“Estranged Paradise” features the work of Yang Fudong, one of the pioneers of contemporary art and the independent cinema movement in China. The acclaimed artist co-curated the exhibition, which incorporates his still photography, short films and multichannel video installations created from 1993 to the present.
The cavernous back rooms and stark concrete walls of the Berkeley Art Museum are utilized perfectly for the exhibition — large dark rooms allow for an immersive and powerful experience with the multichannel video pieces, and the photographs are graciously and artfully presented in the outer spaces. Small viewing stations set up on the gallery floor present Yang’s short films in a distinctive manner, blurring the line between how the museum visitor is presented film and still photography. This display style allows the short films, each around five to 10 minutes, to be regarded as one would appreciate a fine painting: by patiently standing in front of it as its message slowly unfolds.
Although each of the pieces has a different focus, the exhibition is arranged and tied together by theme rather than by chronology. The artist’s investigation of the young Chinese experience is what makes the exhibition cohesive — the motifs of opulence, confusion, aimlessness and ambition all exemplify Yang’s main focus on the tension in post-Cultural Revolution Chinese society as it tries to define itself in an “opening” world.
The museum introduction identifies this tension as a confrontation of “an emerging culture that celebrates consumerism, rampant growth, and individual enterprise, in contrast to the traditional values of productivity, restraint, and the collective.” Yang Fudong’s artwork, however, does not tackle this theme from a macro perspective. The pieces are all personally engaged.
Many pieces specifically identify the subjects they depict, either through titles that identify particular people (such as “Ms. Huang and M Last Night”) or images that focus on individuals’ faces as they interact with the larger world. In some of the moving art pieces, it is the individual viewer’s experience that Fudong integrates into the otherwise impersonal subject matter, such as an empty street or a pack of wild dogs.
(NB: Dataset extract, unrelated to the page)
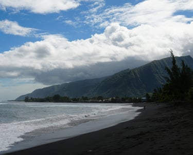 Next, we made a quick detour to a black sand beach. The light was soft, the ocean moody, and the waves were full of surfers slicing through the spray. We sit there for a while, just taking it all in. Then... a moment of panic. As we walked back to the car, I stuck my hand in my pocket - no keys. “Oh no.” I froze. Alex started scanning the beach, which of course was black sand, a perfect place to lose a black car key. Brilliant. But just as my brain spiraled into worst-case scenarios, I walked through the car and saw the keys still in the ignition. Phew.

Yang Fudong manages to qualify the major questions and uncertainties Chinese society faces today through his more personal approach. It is the human experiences he depicts in his art that exemplify a people unsure of their relationship with the government, youth conflicted about which culture applies to them most and the awkwardness of China’s adoption of a new kind of life that has taken on some Western characteristics.
The museum’s assistant curator Dena Beard, however, mentioned that the focus of the exhibition is not on the Eastern-Western divide but rather is on China’s “embracing the new capitalism” and questioning what cultural production is in that context.
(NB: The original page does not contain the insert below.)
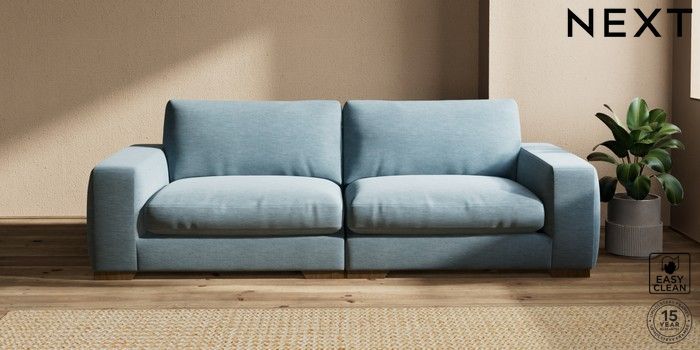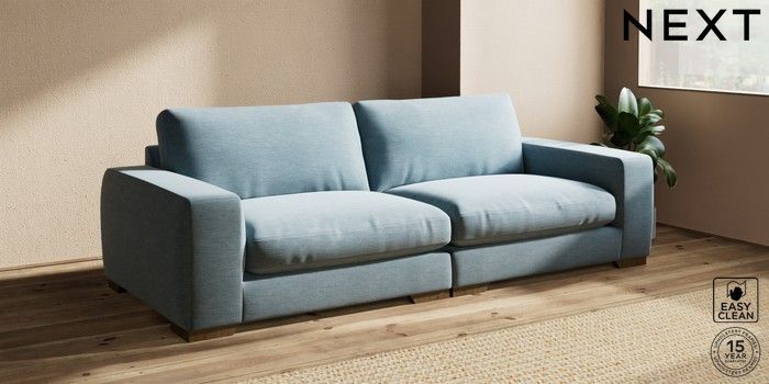 7.2.10 Houghton Deep Relaxed Sit 4 Seater Sofa Fine Chenille Easy Clean Mid Blue Large Square Angle - Mid | Made Click here to use our website with more accessibility support, for example screen readers

Context also defines her answer to the uniqueness of Yang Fudong in the Chinese avant-garde and contemporary art world, as she asked, “Did our historical context produce Andy Warhol?
“The context of (the China Academy of Art in Hangzhou, where Yang studied art,) being completely unlike the Beijing academy, was based upon a cultural shift that was happening when (Chinese artists) were innately reacting to the scenarios they were given. These artists, who include such figures as Ai Weiwei, were all part of a zeitgeist” that originated from their social and historical context.
It is exactly this that makes Yang Fudong such an outstanding artist and this exhibition so exemplary: He is able to express the overarching questions of a whole society, a whole historical moment — his context — in a personal and understandable way.